It Just Keeps Iraqing In Here

(Expanded from a comment at AFOE)

The LA Times reports in detail on the recent insurgent company-sized assault on Abu Ghraibh prison. It was deeply scary: they staged diversionary raids all round the area to hinder relief and confuse the issue, then assaulted the position from three directions at once, having laid down a bombardment with mortars and RPGs used as mortars (a tactic from the Afghan war) to drive everyone’s heads down. The US relief party encountered a rebel stop-group as far as four miles away, showing clearly that they had carefully isolated the battlefield first.

Then, they sent in three suicide trucks, one of which was apparently meant to crash the prison wall and explode, aiming for the base of the guard tower nearest the cell blocks (clearly detailed reconnaissance had been carried out).

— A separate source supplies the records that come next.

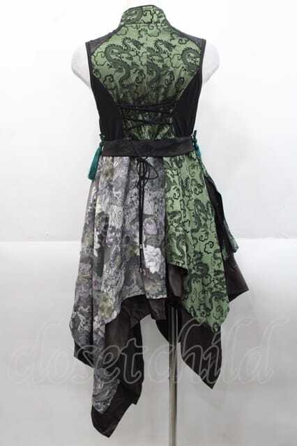 Qutie Frash / チャイナノースリーブチュニック 黒X緑 I-25-11-18-061-QU-TO-SA-ZI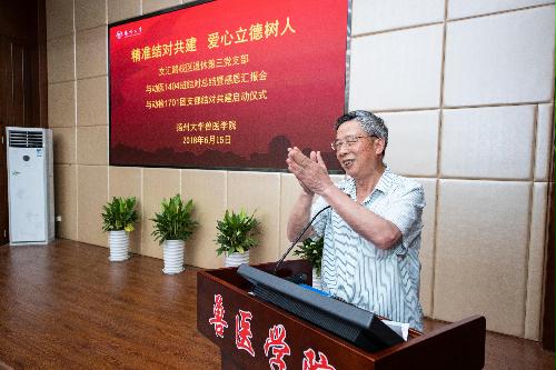 在完成签约后,校关工委办公室刘方云主任发表了热情洋溢的讲话,对退休第三支部与动医1404团支部结对共建的成果表示充分肯定,对交接仪式的顺利举行表示祝贺,并对新结对的两支部提出“多走动,常互动,才能收获感动”的建议。最后,学院党委书记蔡丽娅代表学院对关工委老同志们在我院人才培养工作中给予的支持和指导表示衷心的感谢,并表态今后我院的关心下一代工作要继续强化特色,以实效促创新,推动院关工委工作再上新台阶!
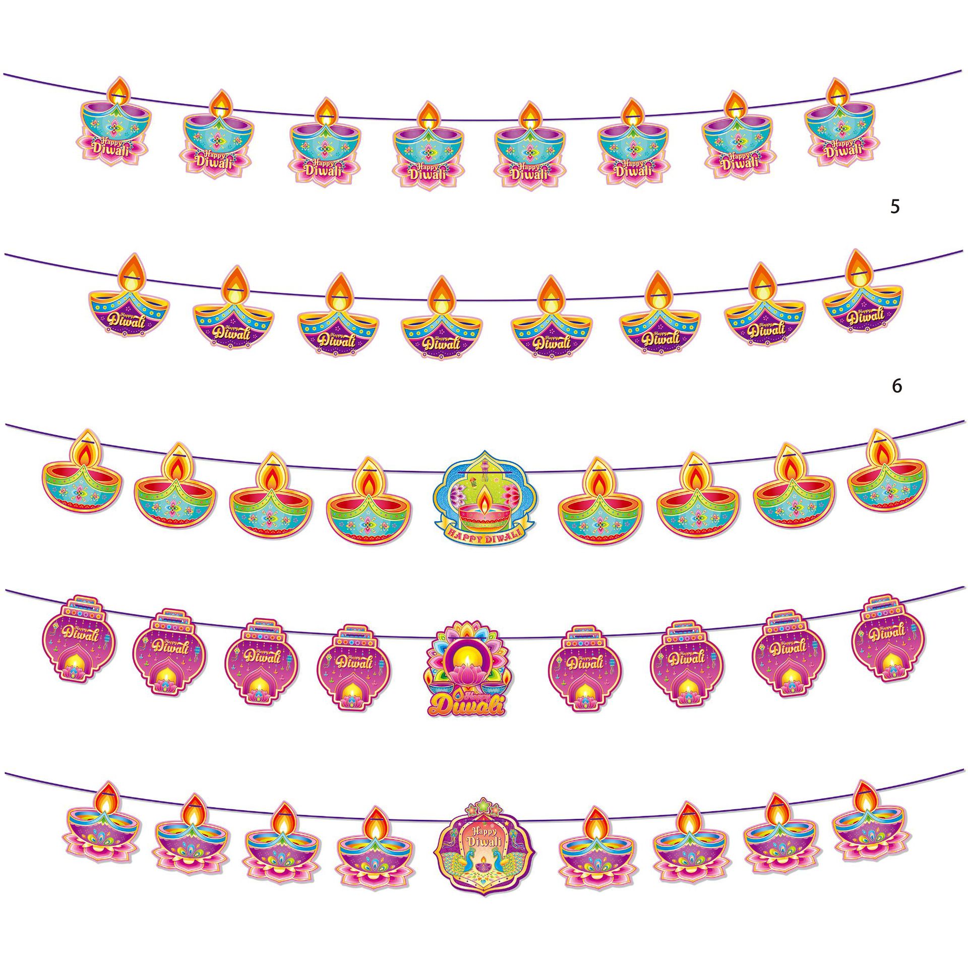 跨境新款排灯节拉旗印度万灯屠妖节拉旗排灯节主题派对装饰用品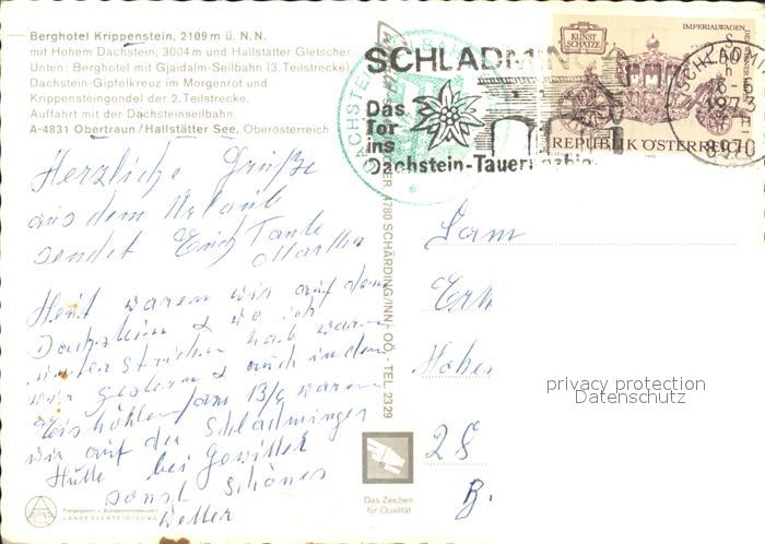 71907820 alte Postkarte Obertraun Berghotel Krippenstein Hoher Dachstein Seilbahn postalisch gelaufen Erhaltung siehe scans KatCode: 11390315040712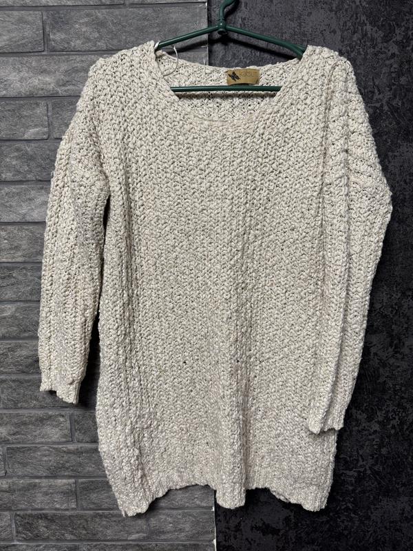 🧵Плечі 60, вони повинні звисати Напівобєм грудей 55 Таліі 54 Бедр 56 Довжина 69 Довжина рукава 44 від шва, та так як плечі звисають, то рукав значно довший Колір кремовий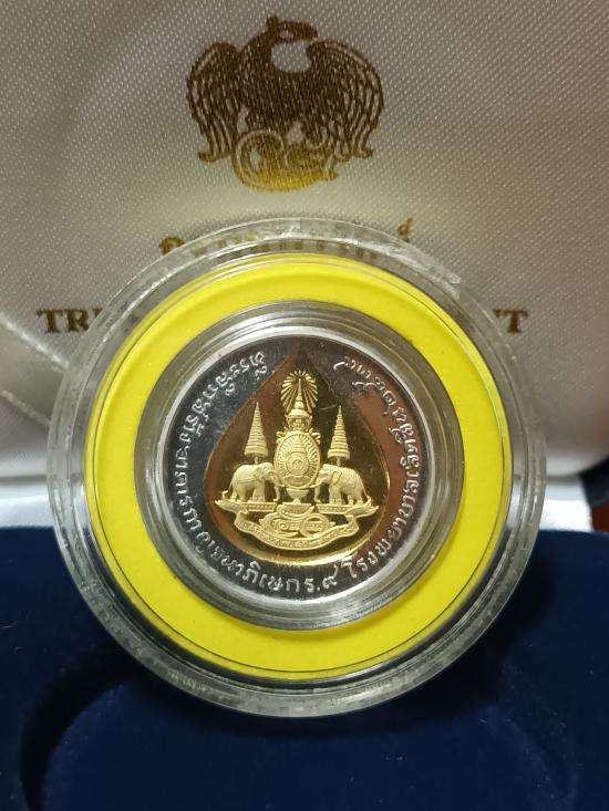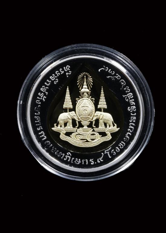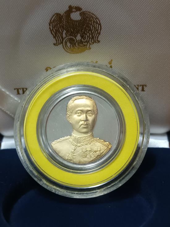 เหรียญที่ระลึกสร้างอาคารกาญจนาภิเษก ร.9 โรงพยาบาลเลิดสิน ปี2539 (((เนื้อเงิน พระบรมรูปทองคำทาบ เหรียญคามิโอ ชนิด Goldplated))) ขนาด 2.6 ซม. จอง 3000 บาท *ไม่มีกล่องเดิม*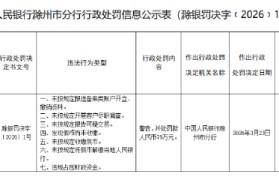 3月27日金融一线消息,中国人民银行滁州市分行行政处罚信息公示表显示,滁州皖东农村商业银行股份有...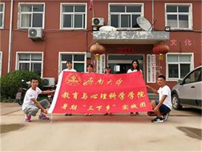 新葡萄88833官网AMG新葡萄88833官网AMG“倾情为教”新葡萄88833官网AMG暑假社会实践团是在闫秀梅老师带领下的一只由16级教育管理专业的6名学生组成的队伍。我们实践团对部分小学生家长进行走访,了解家庭教育的基本方式及观念,并做好记录。进行安全教育和道德教育并重活动,通过开展学生安全教育活动,帮助儿童树立安全意识,掌握逃生技能,有利于营造稳定、安全、和谐的康复环境。并通过打扫村里卫生的活动,让学生有一个“环境需要人人爱”的意识,保护环境从我做起。开展趣味运动活动,举办跳绳、拔河、踢毽子、投篮球运动,既能够强身健体,又能体会到运动的乐趣,在以后会更加喜欢运动,提高心理生理素质,还能学会团结。进行课业辅导,对学生不懂的内容进行专项辅导,运用有趣的教学方式,让他们快速理解知识点。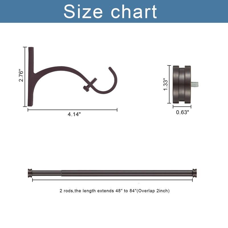 - 【Adjustable Rod Length】There are 28-48” , 48-84” and 72-144” curtain rod size option in our store.Telescoping curtain rods can extend easily accommodate to different size windows. Just adjust the overlap length to meet your requirements.

The only reason they failed to storm the place or spring the prisoners seems to have been that this particular wagon went off prematurely.

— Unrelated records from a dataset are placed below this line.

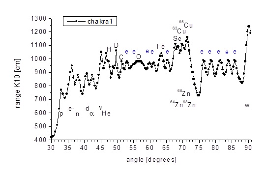 Fig. 10. Olika järnhaltiga och icke-järnhaltiga (icke-magnetiska) föremål som spontant fäster vid den undersökta personens kropp BS På fotokanten till vänster en 10 mm tjock polykarbonatplatta och en 4 mm tjock mässingsplatta är synliga. I sin tur visar figur 11 strålningsspektrumet för torsionsfältpartiklar från denna person. Eftersom strålningens centrum tycktes ligga i närheten av hjärtchakrat, fångades informationen om torsionsfältpartiklarna från där hjärtchakrat är placerat genom att lägga en flaska kokt vatten på det i tre minuter. Dessutom togs en signal från armen, det vill säga där det inte finns några chakran. En stark signal i flaskan behövdes för att den inte skulle bli störd under transporten till laboratoriet. Senare dämpades signalen upprepade gånger till spektroskopets krav. Fig. 11. Spektrum av torsionsfältpartikelsignalen tagen från området i hjärtchakrat och från armen på en person med den naturliga förmågan att attrahera metallföremål. Märkning: chakra5 - hjärtchakrasignal, axel - axelsignal, p - protoner, e- - elektroner, n - neutroner, d - deuteroner, α - alfapartiklar, v - neutrinoer, He + - joniserad heliummolekyl, He - helium, H - väte, D - deuterium, C - kol, S - svavel, O - syre, Na - natrium, Cl - klor, Fe - järn, Cu - koppar, Zn - zink, Se - selen, w - WIMP- y. e - signal från aromatiska aminosyraringar. Frånvaroaxel - den infallande strålens vinkel i förhållande till brytplanet, mätt i grader; ordinat axel - område för kategori K10 -strålning från prover vid spektroskopets utgång, mätt i centimeter.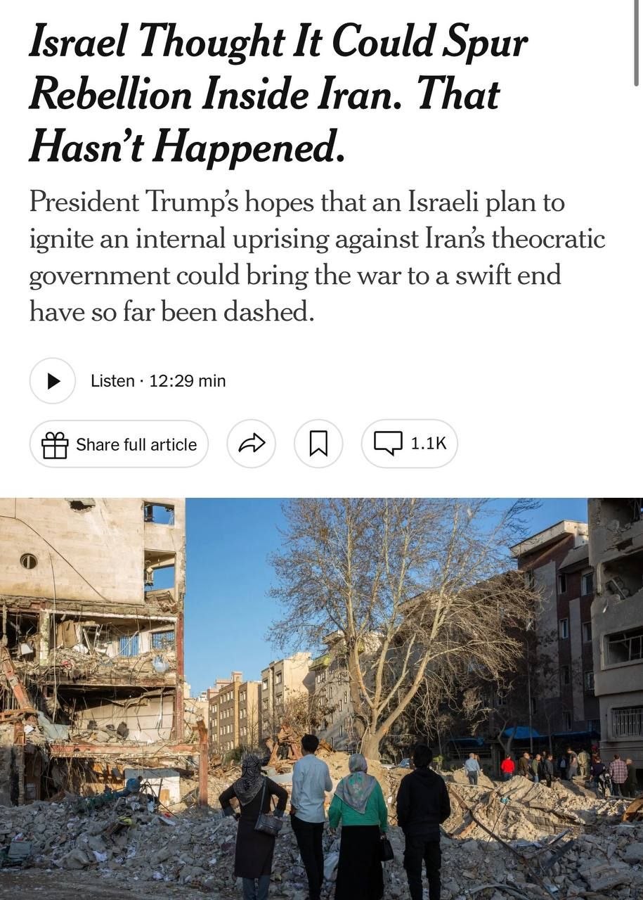 «Убежденность в том, что Израиль и США могут помочь спровоцировать массовое восстание, была ключевым просчетом в подготовке к войне, которая охватила весь Ближний Восток. Спустя три недели после начала войны восстания в Иране так и не произошло», — говорится в статье.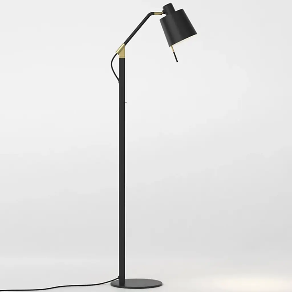 The Edward Floor Lamp from Astro Lighting carries a smooth contemporary sensibility with a touch of vintage refinement. Designed with a focus on adaptable lighting, its matte black steel frame is accented with gold electroplating for a subtle contrast. Built with Astro's QuickBase system, the lamp assembles quickly, its sturdy form suiting lounges, lobbies, or living rooms. A simple switch provides positive control, while the integrated LED inside the cylindrical head delivers efficient, long-lasting illumination. ADA-compliant and adjustable, the lamp pairs practical engineering with rich, brighter detailing, adding luxury to a design strong enough for reliable everyday use.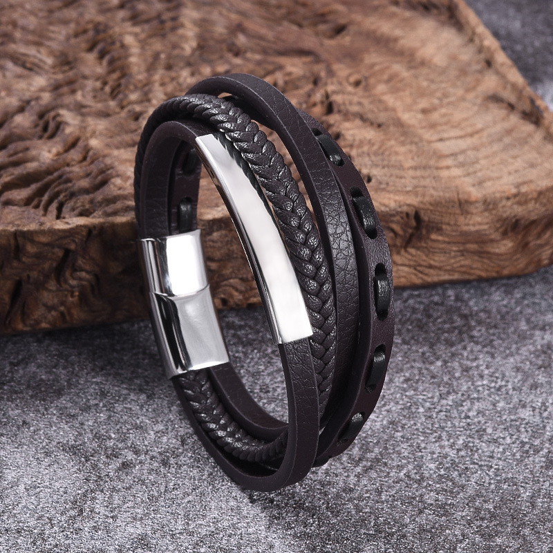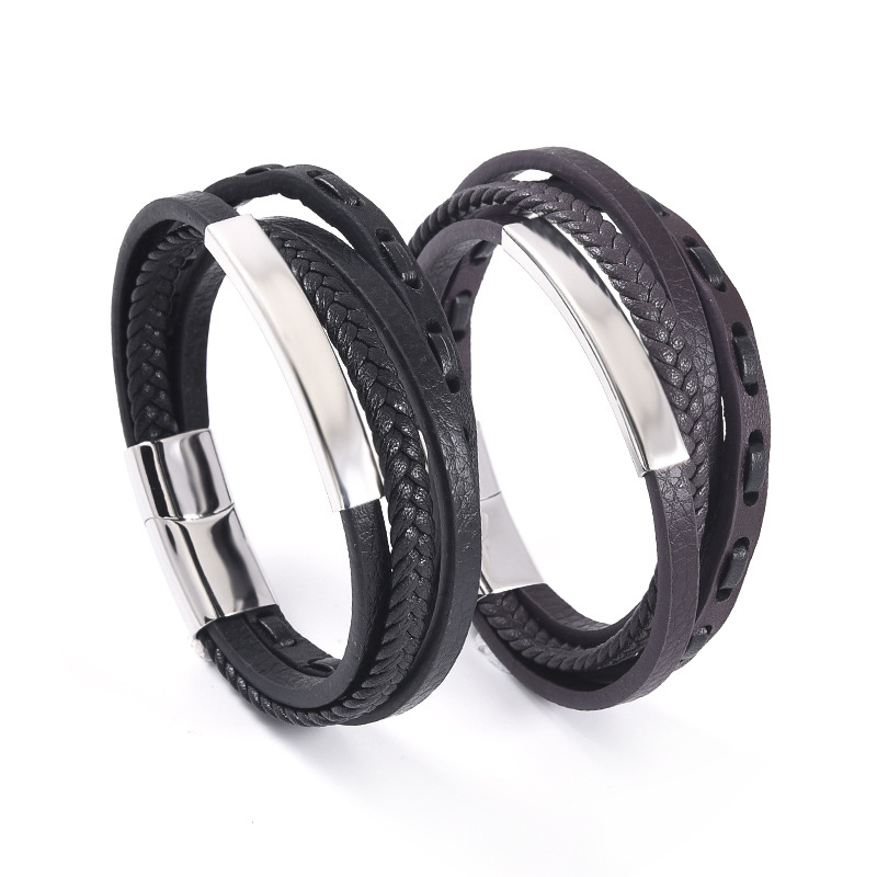 Men belt woven titanium steel bracelet stainless steel leather bracelet

While all this was going on, the prisoners were rioting. The riot began at the same moment the assault did, which argues coordination. Personally I suspect the aim was to stage a jailbreak – it would have given them immense prestige to be the liberators of Abu Ghraibh, and no doubt there were people in there they wanted out.

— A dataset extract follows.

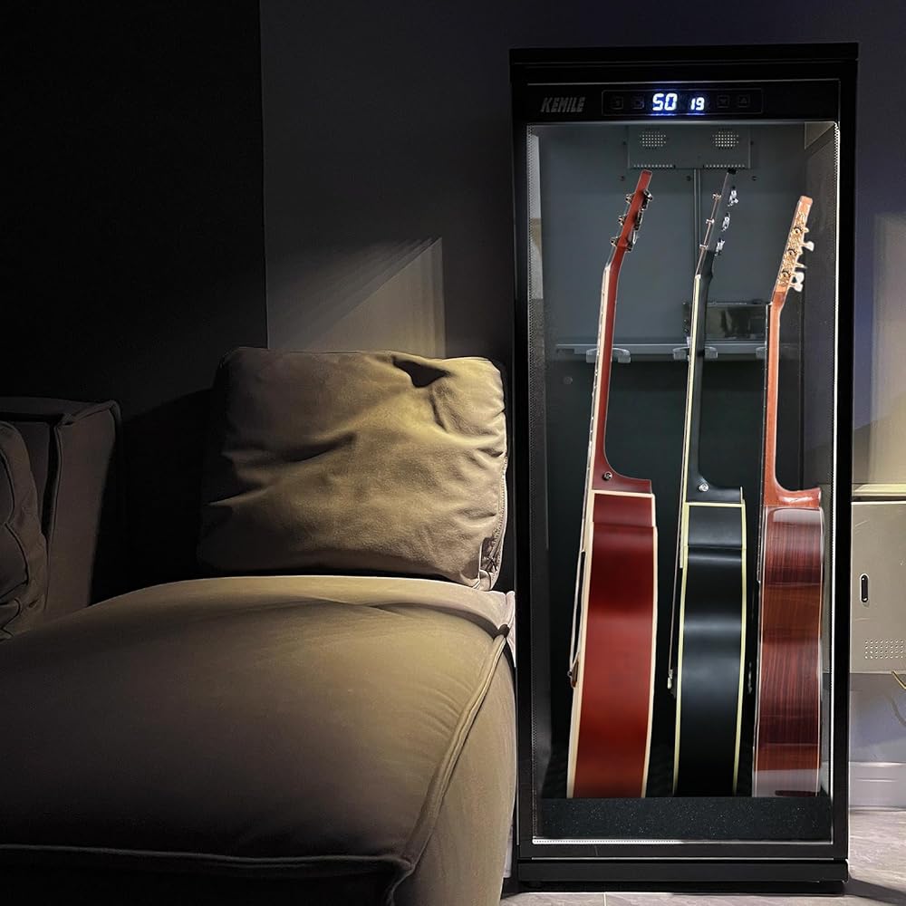 في بيئة رطبة جدًا أو جافة جدًا، تكون القيثارات عرضة للعفن والتورم والتشقق والانبعاج، مما يؤدي إلى فقدان جودة الصوت وحتى تلف الجيتار. يمكن تجنب ذلك إذا تم ضبط نطاق الرطوبة لمزيل رطوبة الجيتار على 45% رطوبة نسبية - 60% رطوبة نسبية.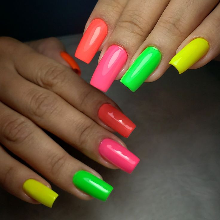 Tons como laranja e rosa, azul e roxo ou até combinações neon garantem destaque e deixam as unhas cheias de personalidade.

But the really bad bit is this: after half an hour, the battle suddenly stopped…just like that.

“By 9, it was quiet. “It was almost as if everybody blew a whistle,” Melanson recalled. “Almost everybody stopped firing, and they disappeared.”

No doubt, after the attempt to breach the wall failed, some commander decided to break off the action and make an orderly retreat before the QRF arrived with the heavy metal. And that’s just what they did – they even carried off their dead, as they only found two corpses outside the wire. Now, breaking off a battle without being counter-attacked is very difficult. It requires excellent training and discipline, as well as good leadership and effective communication, to say nothing of prior planning. And it’s all about recognising when to stop and cut your losses.

An enemy that can do suicide car bombing as well as break-contact drills is truly formidable; it’s like the alpha and omega of war. The Americans have been talking about two kinds of enemy in Iraq, the calculated ex-Ba’athist roadside-bomber types who care deeply about living to fight another day, and the crazy-arsed jihadis who just want to die gloriously and couldn’t care less about breaking contact in an orderly fashion. It looks like they’re on their way to finding a Hegelian synthesis.

At the same time, the enemy’s hardware is improving too. Last week they blew up a humvee, killing five US Marines: but this Hummer was special, being one of the ones that did get its extra armour. The New York Times‘s David Cloud has the details:

Insurgents have long been able to build bombs powerful enough to penetrate some armored vehicles. But the use of “shaped” charges could raise the threat considerably, military officials said. Since last month, at least three such bombs have been found, Lt. Gen. James T. Conway, the director of operations for the Joint Chiefs of Staff, told reporters at a Pentagon briefing this month.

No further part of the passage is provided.